Results from the Barcelona Age Factor Project show that “older learners outperformed younger
learners, especially in tests that were more academically-oriented (e.g., grammar)...” (Munoz, 2011:
116). The explanation was that older learners have cognitive advantages over younger ones and the
younger ones lack enough exposure to the target language. On the other hand, Hahn’s study (2010)

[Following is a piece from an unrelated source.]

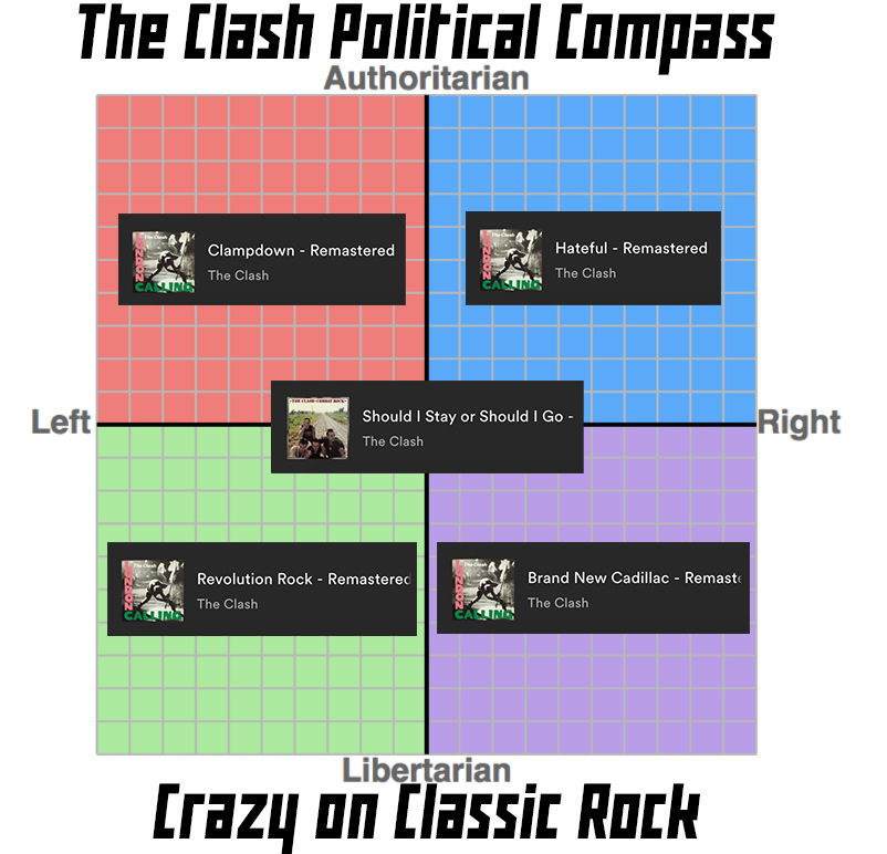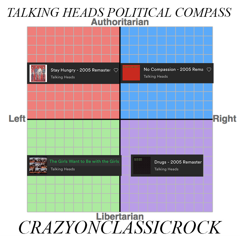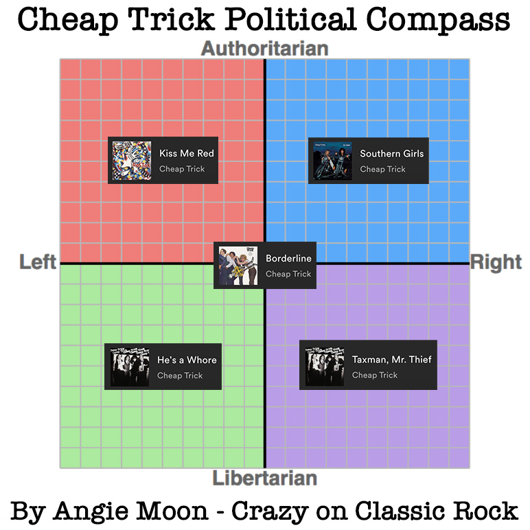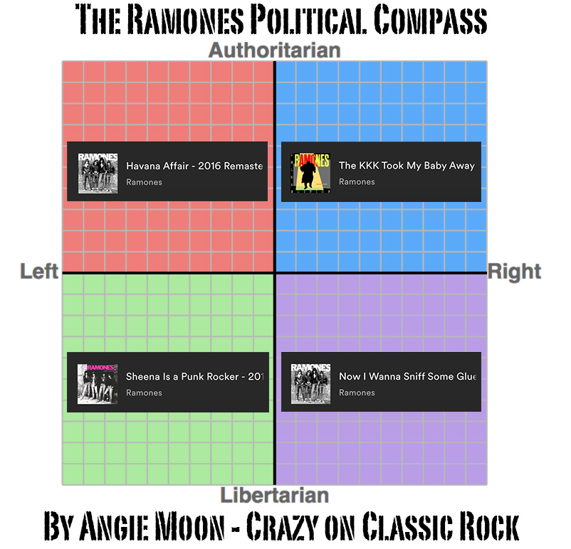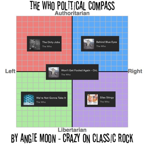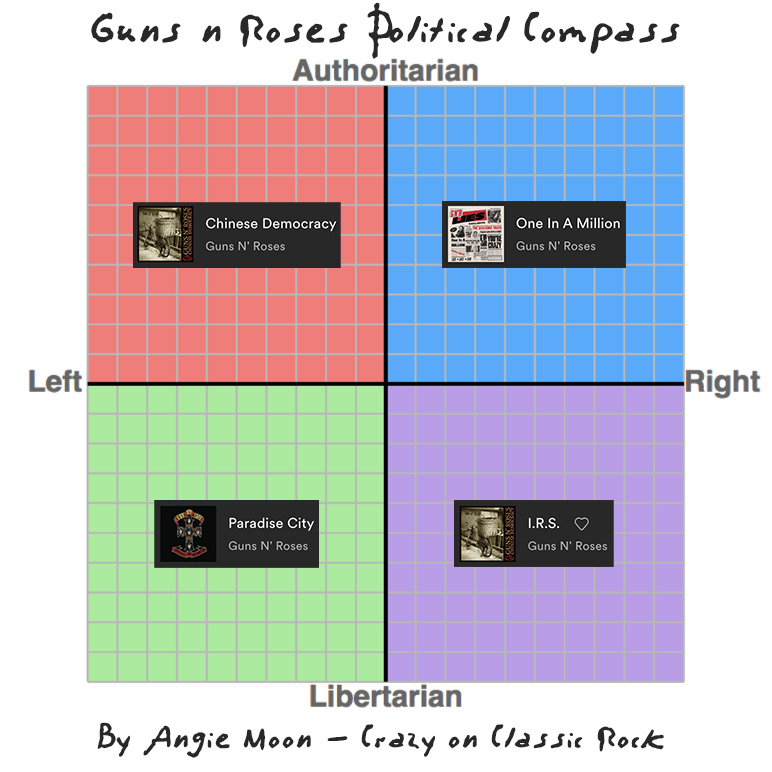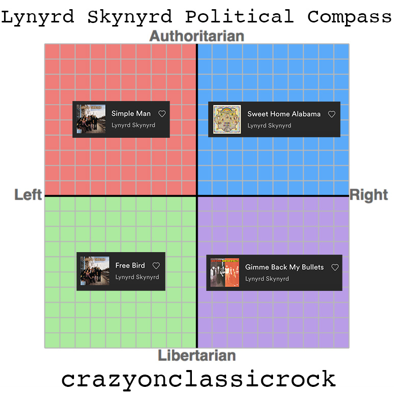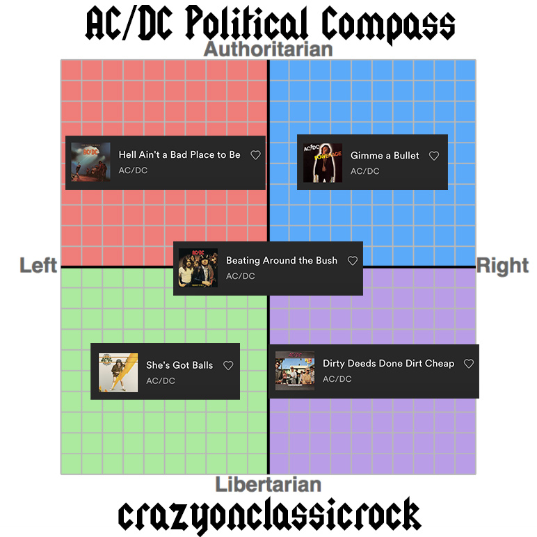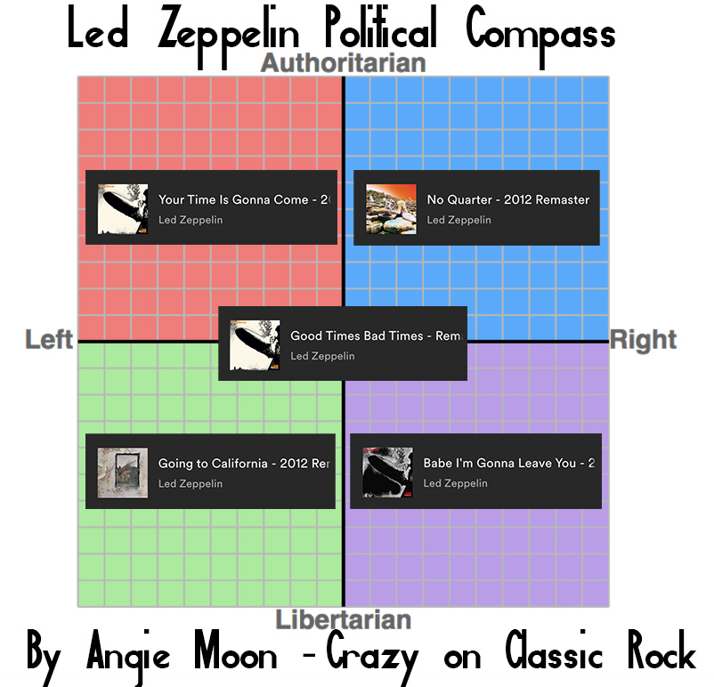 As a “filler” – but not a boring filler, I had this blog post idea in my back pocket. As you know, I love memes and have made a bunch in my time in the classic rock fandom. I’m also into politics and why not combine the two to make political compass classic rock memes? First, I’ll go over a little background on what a political compass is so you can understand where I’m coming from. Before I go onto that, I’ll say this: these are memes, please don’t take them seriously. I based these off of song titles, not necessarily the content of songs (believe me, I’d have a hard time filling in the authoritarian right quadrant if I stayed true to the meaning of the lyrics).

shows that students (although older learners) with no background in linguistics often lack linguistic
concepts, normally used in traditional language instruction classes. In our experiment both groups
have no background in linguistics and both receive equal input amounts of processing instruction
(PI), which forces learners to attend to the meaning of the target form without explicit attention to
form or understanding of complex linguistic terms. Hence, we can assume that the PI would have
equal effects for both younger and older learners. We hypothesize that in the long term and after
equal amounts of processing instruction among both younger and older learners, age will not be a
predictor.
Several research questions guided this study. The first one is concerned with outcome differences
depending on their age and asks how do younger and older learners instructed with the method of
processing instruction differ in the acquisition of the past simple in English. The second refers to the
long-term effects of starting age1 and asks whether younger learners will eventually reach higher
gains in the acquisition of the past simple in English than older learners, as it has been observed to
be the case in naturalistic L2 learning settings. The present study aims at answering the two
following questions:
1. Are there any differences among the two age groups regarding their performance on the
immediate post-test measuring of the interpretation and production of English past simple?
2. Are there any differences among the study groups regarding their performance on the delayed
post-test measuring of the interpretation and production of English past simple?
Keywords: age, processing instruction, grammar acquisition
1
Starting age refers to their age at the moment when the Processing Instruction (PI) was introduced to them.